A case now making its way through North Coast court is illustrative of the dilemma. Sebastopol cannabis attorney Omar Figueroa is defending an undocumented man faced with deportation for growing cannabis in Northern California.

To defend his client, Figueroa enlisted an immigration lawyer in late February, just as Trump was laying down the deportation gauntlet, to write a letter to the prosecutor “explaining why a misdemeanor marijuana conviction, which may not have been a big deal in the Obama years, would be a nightmare these days,” Figueroa says via email.

Over the past decade, noncitizens were encouraged out of the shadows under President Obama’s so-called Dreamers’ initiative, while a societal shift toward cannabis acceptance coaxed legacy growers out of the shadows in California and elsewhere.

Now anyone who happens to be a noncitizen and a cannabis user or grower can face permanent expulsion under new directives pushed out by Trump and Immigration and Customs Enforcement (ICE) that call on prosecutors to throw the book at them.

Where Obama pushed for prosecutorial discretion in deference to a humane view of the immigrant experience in America—and not tearing apart families for no good reason in the process—Trump has flipped the call for discretion to a bullhorn urging maximum punishment for the undocumented.

Figueroa’s client was brought to the United States by his parents as a youth. The man is married to an American citizen, has two children with her and was in the process of “applying for his lawful permanent residency,” according to a redacted version of the immigration-attorney’s letter provided to the Bohemian, when he was arrested.

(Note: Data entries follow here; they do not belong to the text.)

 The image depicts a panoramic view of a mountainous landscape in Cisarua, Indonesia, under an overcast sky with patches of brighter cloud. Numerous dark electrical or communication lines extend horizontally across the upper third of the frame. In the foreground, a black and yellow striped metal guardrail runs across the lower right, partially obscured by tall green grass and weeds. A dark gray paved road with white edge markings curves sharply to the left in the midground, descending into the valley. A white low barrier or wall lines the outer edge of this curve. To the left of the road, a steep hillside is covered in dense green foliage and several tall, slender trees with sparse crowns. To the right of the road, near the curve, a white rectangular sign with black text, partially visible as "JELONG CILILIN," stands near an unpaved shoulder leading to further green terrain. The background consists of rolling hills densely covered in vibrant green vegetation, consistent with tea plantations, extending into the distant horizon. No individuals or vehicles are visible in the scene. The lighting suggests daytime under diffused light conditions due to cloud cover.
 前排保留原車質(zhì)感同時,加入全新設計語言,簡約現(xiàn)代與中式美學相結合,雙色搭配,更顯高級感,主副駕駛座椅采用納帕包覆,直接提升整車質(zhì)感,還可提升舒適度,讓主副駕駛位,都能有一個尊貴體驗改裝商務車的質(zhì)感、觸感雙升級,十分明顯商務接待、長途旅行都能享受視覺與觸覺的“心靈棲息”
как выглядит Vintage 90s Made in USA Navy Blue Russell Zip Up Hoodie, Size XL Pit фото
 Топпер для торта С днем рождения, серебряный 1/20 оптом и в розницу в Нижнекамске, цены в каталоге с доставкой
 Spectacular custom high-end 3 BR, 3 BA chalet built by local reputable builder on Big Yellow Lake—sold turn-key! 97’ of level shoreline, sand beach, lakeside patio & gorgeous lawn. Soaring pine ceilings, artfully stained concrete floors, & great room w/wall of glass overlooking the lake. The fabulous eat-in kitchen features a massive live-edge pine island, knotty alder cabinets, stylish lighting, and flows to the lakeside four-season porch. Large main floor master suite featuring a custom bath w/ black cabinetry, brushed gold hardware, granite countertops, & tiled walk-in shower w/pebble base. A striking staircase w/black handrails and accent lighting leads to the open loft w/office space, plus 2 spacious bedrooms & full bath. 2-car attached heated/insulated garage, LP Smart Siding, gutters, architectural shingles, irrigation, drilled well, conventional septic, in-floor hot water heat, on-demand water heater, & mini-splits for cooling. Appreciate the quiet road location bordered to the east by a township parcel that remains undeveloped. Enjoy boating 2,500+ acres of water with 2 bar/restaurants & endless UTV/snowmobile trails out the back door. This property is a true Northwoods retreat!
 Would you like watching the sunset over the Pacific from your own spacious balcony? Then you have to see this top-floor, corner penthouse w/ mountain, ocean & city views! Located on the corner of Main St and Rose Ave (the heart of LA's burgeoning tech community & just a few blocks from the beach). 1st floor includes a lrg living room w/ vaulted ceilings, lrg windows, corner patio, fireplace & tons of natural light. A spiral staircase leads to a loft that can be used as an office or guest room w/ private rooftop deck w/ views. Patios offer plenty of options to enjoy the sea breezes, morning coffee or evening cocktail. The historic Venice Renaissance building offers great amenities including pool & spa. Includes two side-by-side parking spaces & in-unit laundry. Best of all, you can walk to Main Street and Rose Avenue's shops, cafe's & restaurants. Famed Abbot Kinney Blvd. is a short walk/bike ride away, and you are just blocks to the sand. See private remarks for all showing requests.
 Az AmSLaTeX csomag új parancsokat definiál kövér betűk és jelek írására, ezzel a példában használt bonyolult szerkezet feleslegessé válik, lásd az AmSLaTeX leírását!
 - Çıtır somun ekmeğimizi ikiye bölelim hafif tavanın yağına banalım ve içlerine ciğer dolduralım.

The client was arrested on cultivation, possession for sale of cannabis and was offered a plea deal where he’d cop to a single possession charge of over 28.5 grams (one ounce) of pot.

The letter implores the unidentified district attorney(s) assigned to the case to drop the pot charges altogether, since any conviction could lead to his permanent removal from the United States. (All identifying information has been redacted from the letter, including the name of the immigration attorney who wrote it and the client.)

The letter acknowledges that ICE officials would make the call on any removal proceedings: “The exercise of prosecutorial discretion by the immigration authorities who have to decide whether or not to actually initiate a removal case against someone with only a simple possession conviction is a separate matter.”

The danger lies in the new regime’s outlook on immigrants from Mexico, which is somewhat less than welcoming. “However, the danger to [him] is high given the new publically stated priorities of the Department of Homeland Security on this matter.”

The letter implores prosecutors to not give ICE anything more to work with as it details the harsh dictates coming from the Trump administration that go beyond established immigration law as it intersects with drug policy.

Under federal drug-scheduling rules, cannabis remains listed as a controlled substance with no medical value—and under DHS rules, any possession of any “controlled substance” by a noncitizen is itself enough to prompt a deportation proceeding.

And if Figueroa’s client is convicted on drug charges and deported by ICE, his application for permanent residency becomes a moot issue since, “in order to be granted residency he must be admissible to enter the United States,” reads the immigration-lawyer letter.

“There are three possible grounds of inadmissibility that could be implicated as the result of the disposition of his criminal matter,” it continues, and if any apply, he would never be able to be granted residency:

Under existing immigration law, any conviction for an offense related to a federally defined “controlled substance” would cause him to be permanently exiled from the United States. “For that reason, it is imperative that [he] not be convicted of any of these offenses,” the letter reads. “If he were so convicted, even the existence of his citizen spouse would not be sufficient to qualify him for residency. He would be permanently inadmissible.”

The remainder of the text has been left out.